I can't look him in the eyes and even though I have a mega crush on him it's like all of those feelings are background noise right now. 

"oh sorry, NOW you want to talk to me" I say trying to hide how my voice wobbles and cracks at the end. I can't help being emotional, it's just the kind of person I am. Everyone is still staring at me and I feel a bit like a deer in the headlights but I'm not backing up now. Ray looks up at me with a concerned expression, god nobody believes in me. I'm just the weak girl that could break at any given moment.

Gerard looks at me and he seems upset and awkward just standing there. Too afraid to come close to me but also too determined to not to leave. I am trying not to cry and the only thing I want right now is a hug from Ray and an explanation of what is going on. We all stand there for a few mins and I realise that the stern looking guy with papers is outside the bus. 

I back up and sit back in my spot on the small couch leaning closer to Mikey. He looks down at me and frowns but then looks up at his brother with the same expression. Nobody knows what to do, so the whole situation is very awkward and I can't help but feel guilty. Gerard meets my eye and won't look away. Hiz Hazel eyes full of emotion looking straight into my E/C ones.

"Please" he says gently, apologetically. Frank gives me a nudge and I know that I don't really have any chocie anymore. 

----------------------------small time skip-------------------

Before I know it Gerard and I are strolling down the pavement toward a bench in a small courtyard. We are silent but it isn't too uncomfrotable because I still trust him to keep me safe. I am So glad the creepy guy didn't come with us although he wanted to. Gerard said he needed to talk to me alone which is slightly terrifying.

We get to the bench and sit down next to each other. I am still a bit shaky but I'm no longer angry just.. tense I guess.

Gee looks at me and for the first time he takes a deep breath. I try to smile to show that I am okay and that I am sorry for being angry. Words can't form in my mouth anymore but it doesn't matter because he pulls me into a hug. He leans his head on my shoulder and cries. It shocks me at first because this was more than a cry more like a sob. He looks devastated, completely exhausted and a little dead. 

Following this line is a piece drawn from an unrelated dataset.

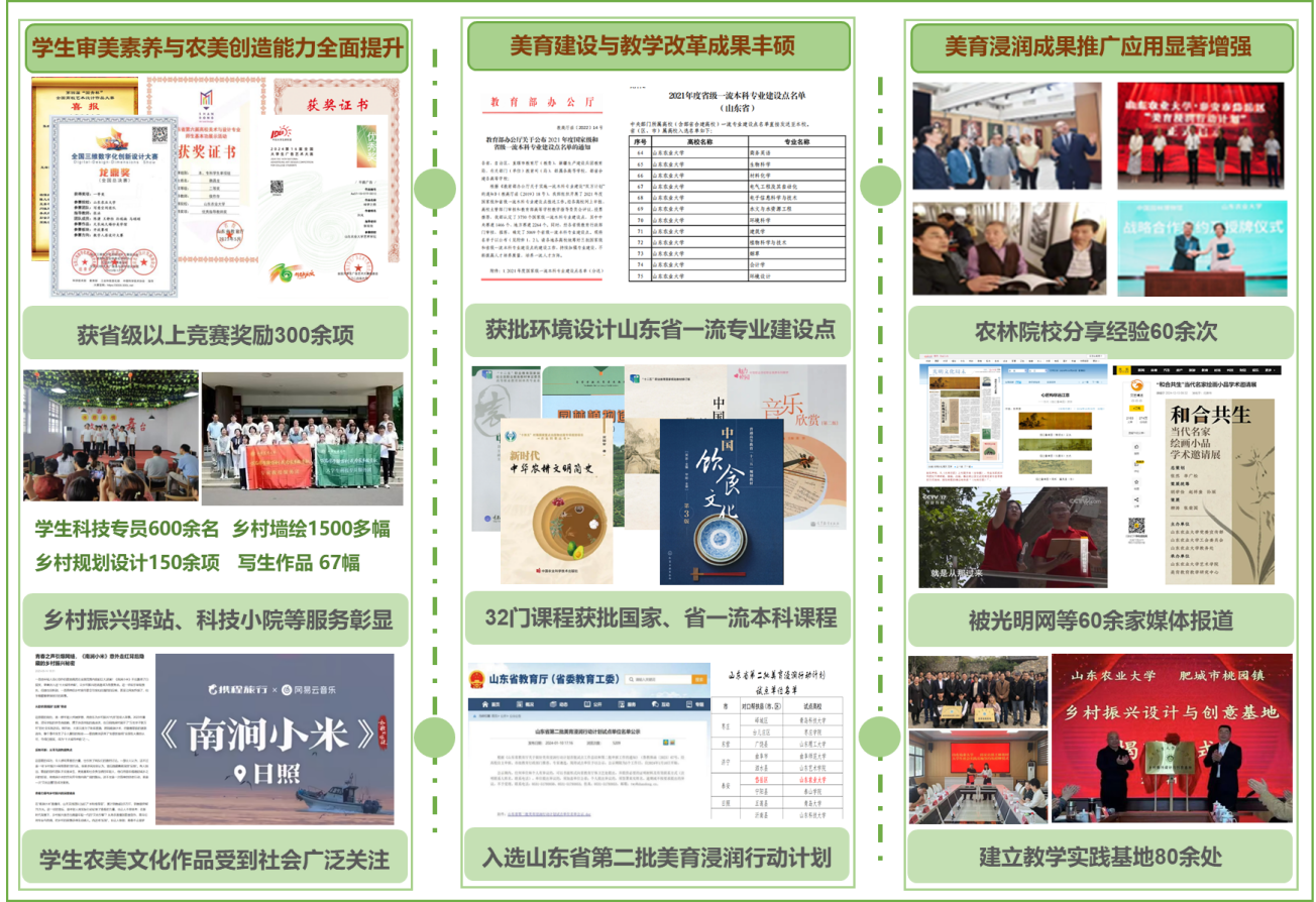 学生在教育部高校学科竞赛、山东省教育厅技能展示等美育竞赛中获省级以上奖励300余项,其中国家级一等奖8项、二等奖10项、三等奖10项,省级特等奖2项、一等奖40项。发表论文120余篇,主持国家级大学生创新创业训练项目15项,省级10项。在乡村振兴驿站、科技小院建设中有600余名学生站长和科技专员,主持参与乡村规划等项目150余项,创作了曾获山东省新文科实践创新大赛金奖的乡村墙绘1500多幅,以乡村振兴基地肥城市黑牛山村为取景地的素描写生作品67幅,撰写乡村振兴案例,开展文艺轻骑兵、红色文化与党的创新理论宣讲等,原创歌曲《南涧小米》点击量达10万多次。学生思想政治素质、学科理论、美育创新能力得到增强,高质量新农人受到社会肯定与欢迎。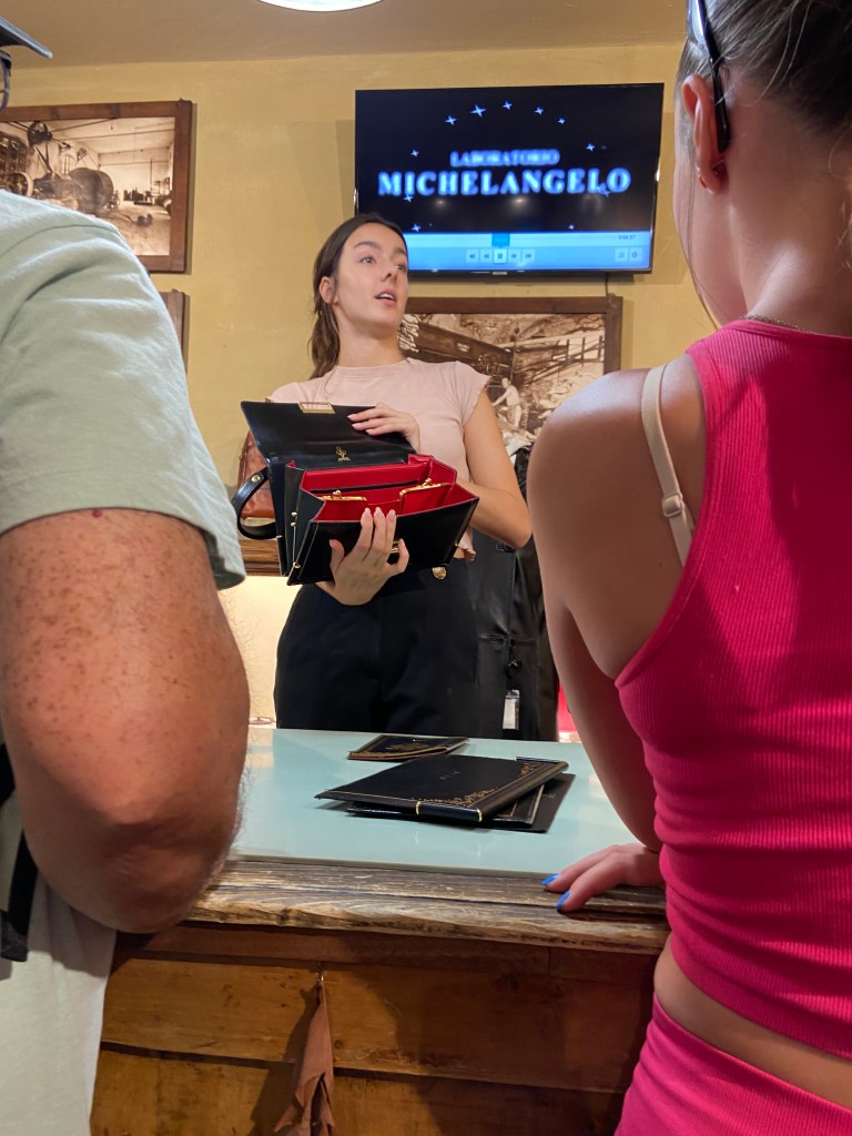 Before the guide left us to our day, she took us in the leather shop for a demonstration and talk about Italian leather. By participating in the demo/talk, we got a nice discount on any leather goods we purchased in the shop. I bought myself a beautiful pair of lamb skin leather gloves lined in cashmere — sooooo nice and they fit…well, like a glove!!! I also bought a couple gifts.

I pull away and look at him with the most supportive look I can muster at this exact moment. I give him a tissue and a moment to compose but when he starts talking he looses it again.

"Y/N I am so s-s-sorry. They want to t-t-take you. He wants to t-t-take you" G 

"What do you mean take me, where, who?"Y

Gerard takes a deep breath and his voice becomes more clear now. As he explains everything I regret ever getting mad at him, he was only protecting me. Being my protector.

" After you collapsed at the concert and because of the recent events they don't think you are mentally stable enough to be in this band. They want to take you away to a special mental facility like some madman. I have been trying to convince them that you are fine but they won't believe me, he won't listen to a thing I say. I don't know what to do"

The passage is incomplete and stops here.